Sunday, March 29, 2009

How to Solve Toddler Tantrums: Let Daddy Be King Lion

Health and Science for Sunday 032909

Hey folks,

While I was looking for something to talk about in this week's Health and Science Segment, I came across the duh factor of Toddlers do not think like Adults, therefore this is why they do not always do what you want them to. But then I caught this. This is by our friend Meredith F. Small. You know her, you love her. She is wrong 90 percent of the time, but she seems to be a good person. {Smile}

Ms Small actually wrote this last year, but being a Neanderthal, I know from first hand experience that this is actually close to being true. Not exactly, but along the same lines. I know, it does kind of fit in the Duh Category, but some really do not get the concept. This is also something that our good Friend Dr. Laura preaches about all the time. Here is what I'm talking about.

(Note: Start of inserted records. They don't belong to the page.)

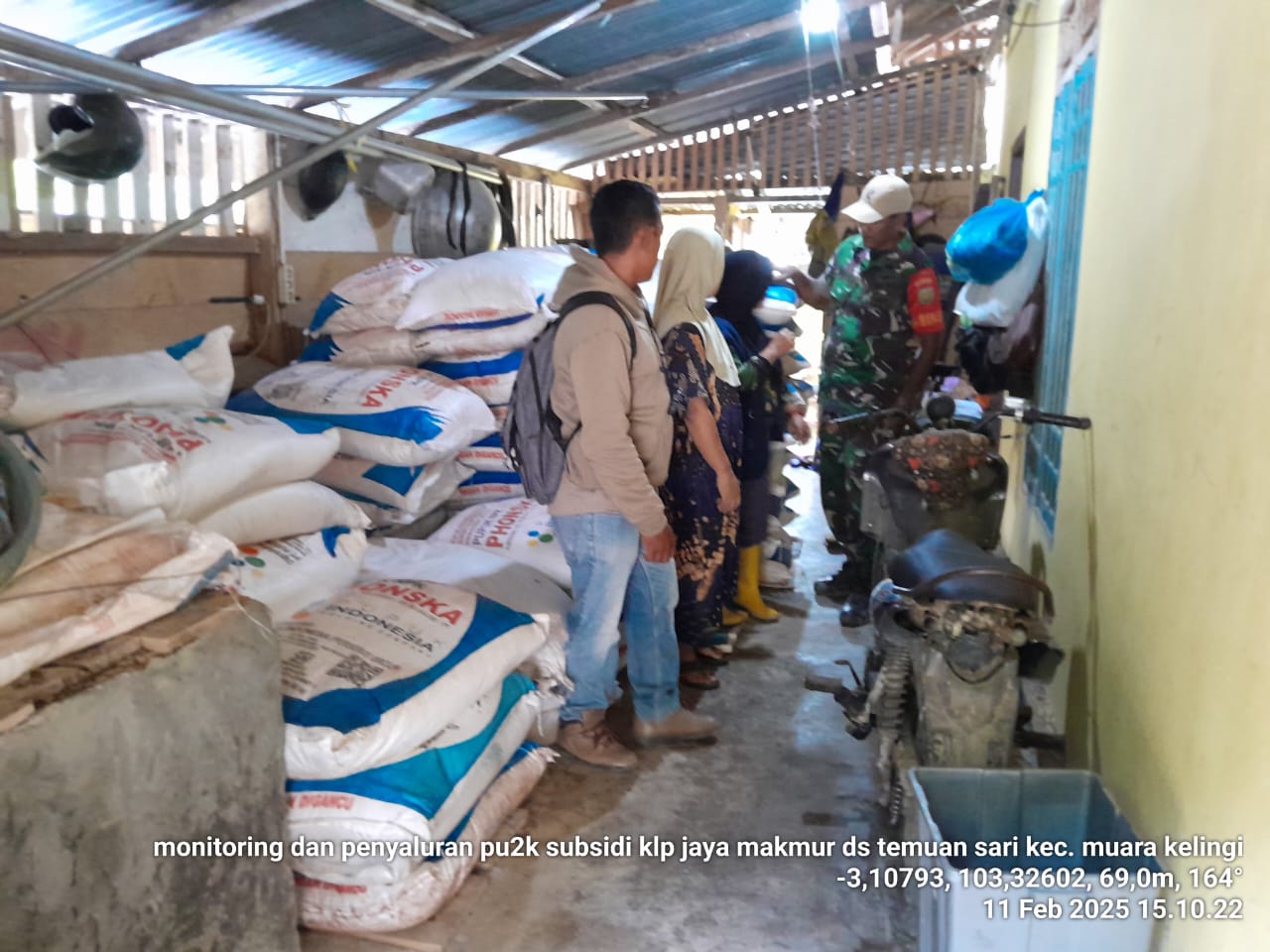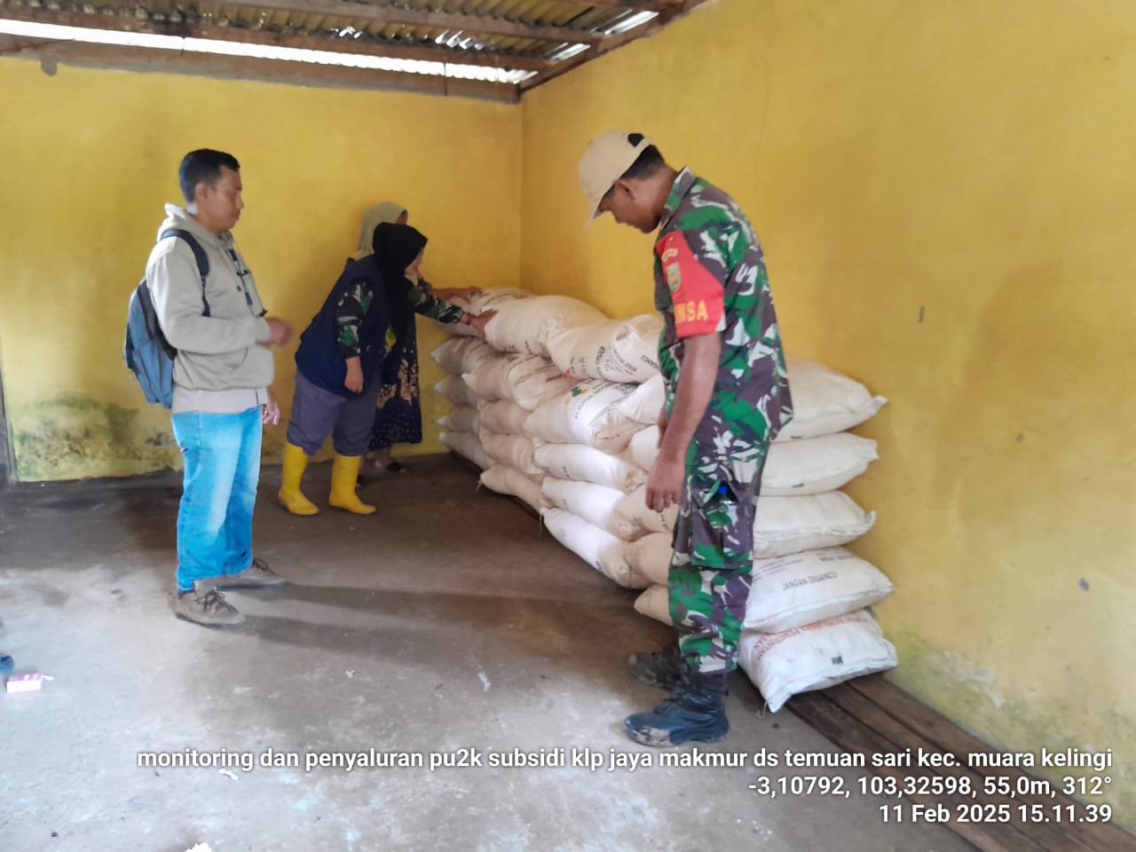 Lensa Garuda- Musi Rawas, Dalam rangka mendukung program ketahanan pangan nasional, Sertu Aman Syah, anggota Babinsa Koramil 406-05/Muara Kelingi bersama dengan Kjf Bapak Isnadi, S.Pd., dan PPL Ibu Lina Marleni, S.Pt, serta Ibu Lilik Latifah, S.Pt, 11 Februari 2025 melaksanakan kegiatan monitoring penyaluran pupuk subsidi di Gapoktan Desa Temuan Sari, Kecamatan Muara Kelingi, Kabupaten Musi Rawas, Rabu (12/02/2025).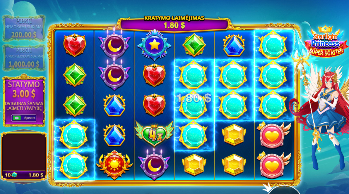 Kaip ir „Gates of Olympus“, šis žaidimas pasižymi įspūdinga dinamika – tik Dzeuso vietą užima magiška princesė, o atsitiktiniai daugikliai gali pakelti laimėjimus net iki 50 000x.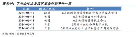 海外权益市场方面,本周(06.03-06.07)全球主要经济体权益指数涨多跌少,仅英国富时(-0.4%)小幅下跌,韩国综合(+3.3%)、纳斯达克(+2.4%)、澳洲(+2.1%)领涨。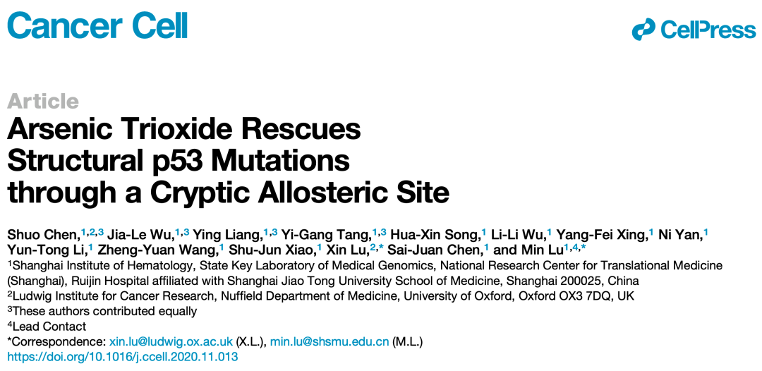 [1].Chen S, Wu J L, Liang Y, et al. Arsenic Trioxide Rescues Structural p53 Mutations through a Cryptic Allosteric Site[J]. Cancer Cell, 2020.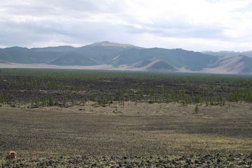 | テルヒー・ツァガーン湖。とても大きな湖です。 | 湖の近くに大きな火山があり、その火山灰です。 |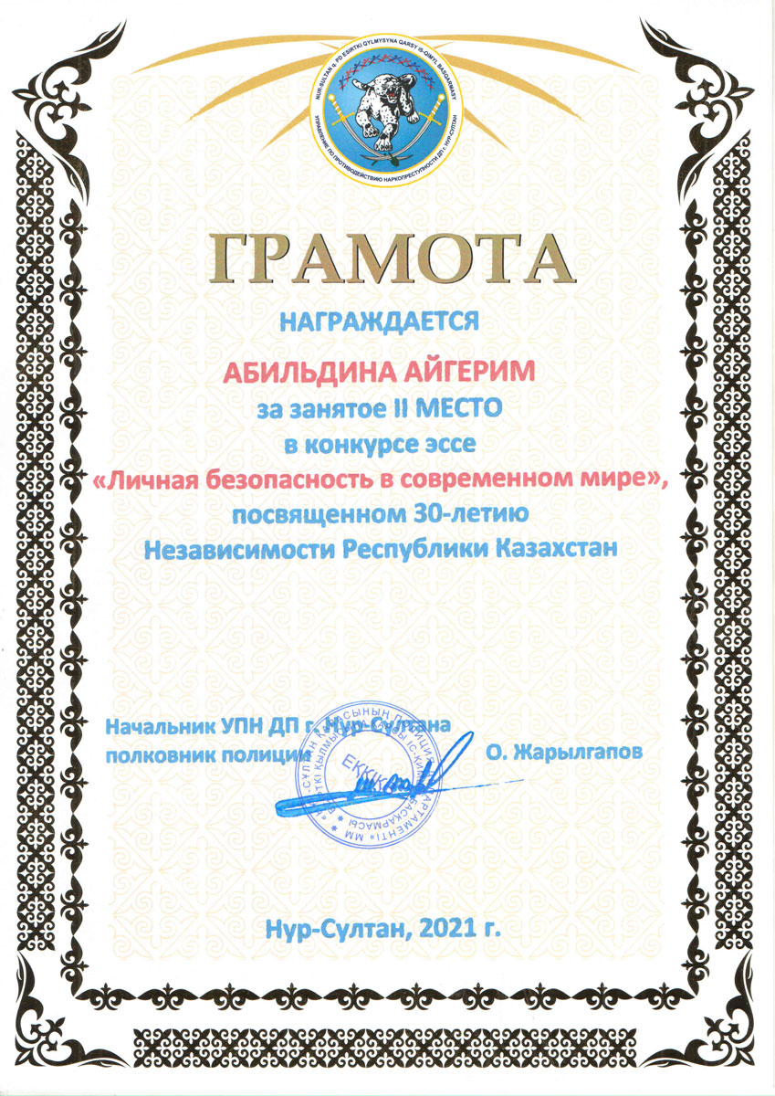 С 4 по 20 октября 2021 года в Евразийском гуманитарном институте проходил конкурс эссе на тему «Личная безопасность в современном мире», посвященный 30-летию Независимости Республики Казахстан, который был организован совместно с Управлением по противодействию наркопреступности Департамента полиции г.Нур-Султан. В конкурсе приняли участие студенты образовательной программы «Юриспруденция».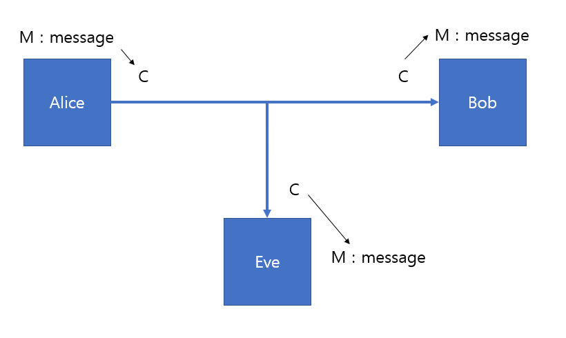 그 과정중 Eve라는 어떤 사람이 암호문 C를 가로챌 수 있다. (위/변조는 지금 생각하지 말자.)

Live Science - How to Solve Toddler Tantrums: Think Like a Neanderthal

By Meredith F. Small

You're in a store, little kid in hand, and then suddenly she tries to pull away. You bend down and whisper quietly in her ear, "Stay with Mommy, honey," knowing full well that this reasonable request is a foolish attempt to dampen the temper tantrum that is rising like a tsunami inside your kid. With a pounding heart, you scoop her up and run from the store before someone shouts, "Bad parent. Dreadful child. Get out!"

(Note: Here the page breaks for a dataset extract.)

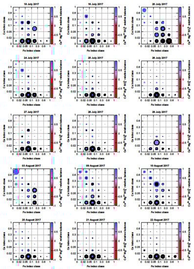 In Figure 6, Fe index class is plotted versus Ca index class, colored according to the aerosol Ca2+ Mg2+ SO42− relative balance. The area of the black circle shows the total Fe mass in the particular index range, the area of the colored circle is the total Ca mass, and the color scale is the Ca2+ Mg2+ SO42− relative balance index. From the figure, we can see that most of the iron particles (the bottom region) carry a little calcium, while some iron particles do not carry calcium at all. Similarly, most of the calcium (mostly in the top region) carries little Fe while some are totally not in contact with much iron. The main message can be therefore summarized as follows: A part of the iron is in particles which do not contain calcium, so acids getting onto these particles can directly react with the iron. On average, 14% of the total deposited Fe mass is accompanied by 10% calcite or more, but more than 70% are in particles with less than 5% calcite, i.e., most of the iron could be, when acids reach the individual particle, directly processed (see also Tables S2 and S3 in the Supplementary Materials). This is different for the present location in comparison to dust in other regions [].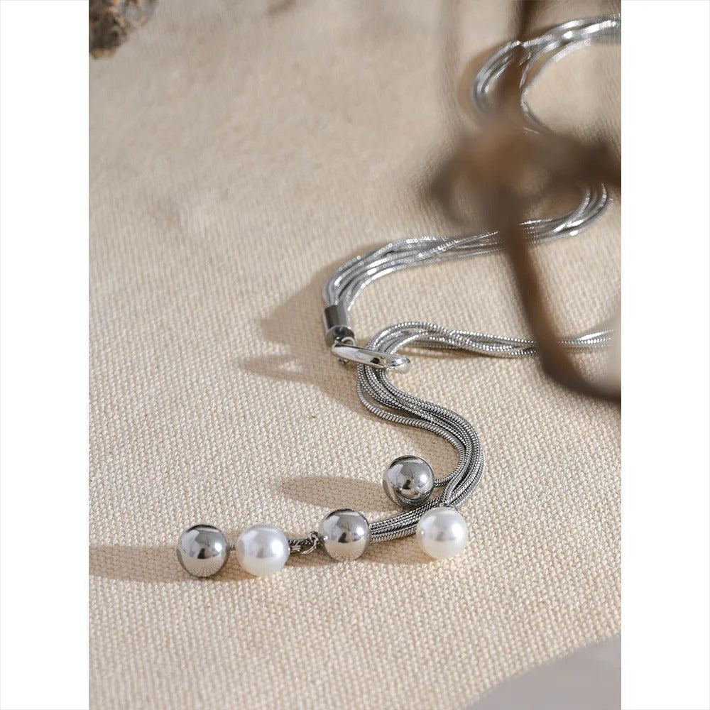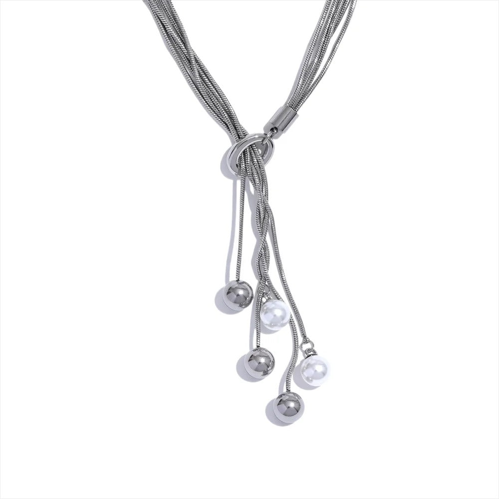 Dive into enchanting elegance with our 'Mermaid's Treasure' Silver Multi Layer Long Necklace, a captivating adornment that exudes oceanic charm and sophistication. Crafted with meticulous attention to detail, this necklace is adorned with lustrous pearls, evoking the timeless allure of the sea. Crafted from high-quality stainless steel, the 'Mermaid's Treasure' Silver Multi Layer Long Necklace boasts durability and resilience. The silver hue adds a touch of sophistication, while the hypoallergenic properties of the metal make it suitable for even the most sensitive skin.

You know, just as a side note, notice how Ms Small always talks about Females? I'm not saying anything. Just saying.

No one knows why 2-year-olds have temper tantrums, but most of them do. It starts with mild anger over something simple but then quickly escalates into full blown fury dramatized by screaming, fist pounding, foot-stomping, and screaming. The child also descends psychologically into a place where they can't be reached by words or physical comfort, and parents stand by helpless and confused.

Clearly, the child is distressed, but to the parent, the distress seems way out of proportion to the situation. And it is physically stressful for the child, which suggests that there must be some evolutionary reason why temper tantrums are so universal for little kids.

Uh, no. But we will leave the disturbelution stuff alone for now.

Pediatrician Harvey Karp, author of "The Happiest Toddler on the Block," and an expert in getting babies and toddlers to quiet down, claims that tantrums are an expected product of human development. He sees our little darlings as less-evolved savages driven by instinct and emotion, not thoughtful reasoning, and he suggests it's our job as parents to civilize them into Homo sapiens.

What it actually is folks, is that they have no experience to have learned from. We learn from experience. Do this, that happens. They have not done this yet, therefore they have no idea what that is. Nothing to do with "evolution." It is just the natural life experience or inexperience that causes this.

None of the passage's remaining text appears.